ISLAMABAD, Feb 7: Prime Minister Shaukat Aziz has again assured international donors and his countrymen that earthquake reconstruction funds would be used in a transparent manner.
“We are committed to improving transparency and making enforcement and audit stronger,” he told a two-day workshop on “transparent utilization of earthquake reconstruction funds” which opened here on Tuesday.
“Everything that the Earthquake Reconstruction and Rebuilding Authority (Erra) gets (and spends) will be transparent,” he said.
International donors have pledged $6.5 billion and the President’s Relief Fund has received over Rs6 billion for the purpose.

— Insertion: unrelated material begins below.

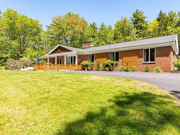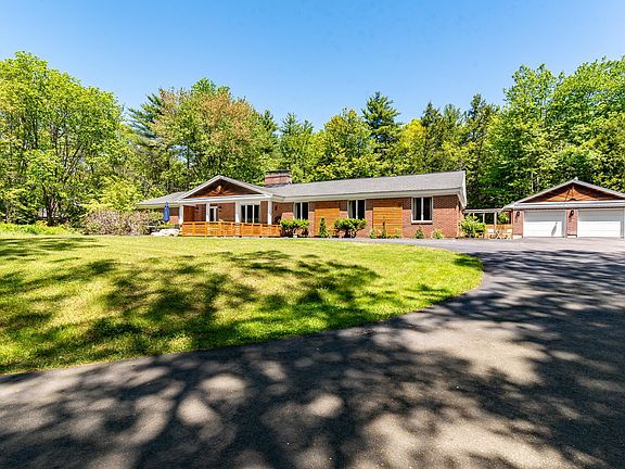Custom contemporary Ranch with approximately 3800+/- sq.ft. of finished  space appointed throughout with modern design elements & fully equipped w/all brand new appliances, lighting & plumbing fixtures & custom tile & granite. This splendid home features full brick, solid construction with spacious rooms for entertaining, recreation & living. Located in a rural setting on a 7.76 acre wooded lot close to routes of travel & proximal to shopping & entertainment.  One minute from the Baxter Lake NH State boat ramp, 30 min. from Portsmouth, 90 min. to Boston.  Highlights include a show-stopper of a kitchen w/two islands, coffee bar, gorgeous lighting,all new glass appliances & access to the rear deck.  The Primary Suite has a brand new bath with walk-in shower & double vanity.  The split-floor plan is perfectly suited for an possible in-law suite, teen quarters or extended family living space, home busines or studio. A grand driveway meets an expansive parking area leading to a 2-car, 28 foot deep oversized garage.  Extra space can be found in the lower level that would make a perfect game room or media room. An extensive workshop offers great space suiting most needs. The layout and design emphasize function and form, connecting elegant living areas inside to the porch, patio and deck with fenced gardens, and mature landscaping. Freshly painted throughout, large windows and woodland views bring the outside in. Add'l outbuidings offer opportunities for farming or gardening.
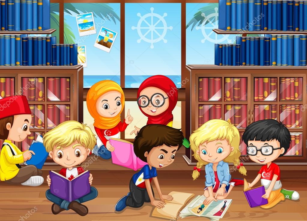 Bambini Che Leggono Libri In Biblioteca Scarica Immagini - Download

The Berlin-based Transparency International’s director, Mr Peter Rooke, earlier said that the ‘oil-for-food’ scandal of Iraq and the tsunami of 2004 acted as a catalyst to address the issue of “corruption in disaster situations”.
“Pakistan is not a new country in receiving (aid),” observed the prime minister, stressing that transparency was “one of the hallmarks” of his government.
External and domestic auditors, people of high integrity and the parliament would keep utilization of earthquake funds under scrutiny, he said.
Above all, the prime minister said, a vibrant media exists in the country, which “can ask any question - after doing research. And we act fast, we react immediately”.
However, he said, the procurement and distribution stages ran the risk of being murky. “There must be a standard for NGOs to be transparent — how they hire staff, collect and spend (their funds)”.
Mr Aziz disclosed that it was he who, as an international banker, had advised Transparency International “to chase corrupt money too, not just bad people and bad business contracts”. His initiative — and 9/11 — led to the framing of anti-money laundering laws.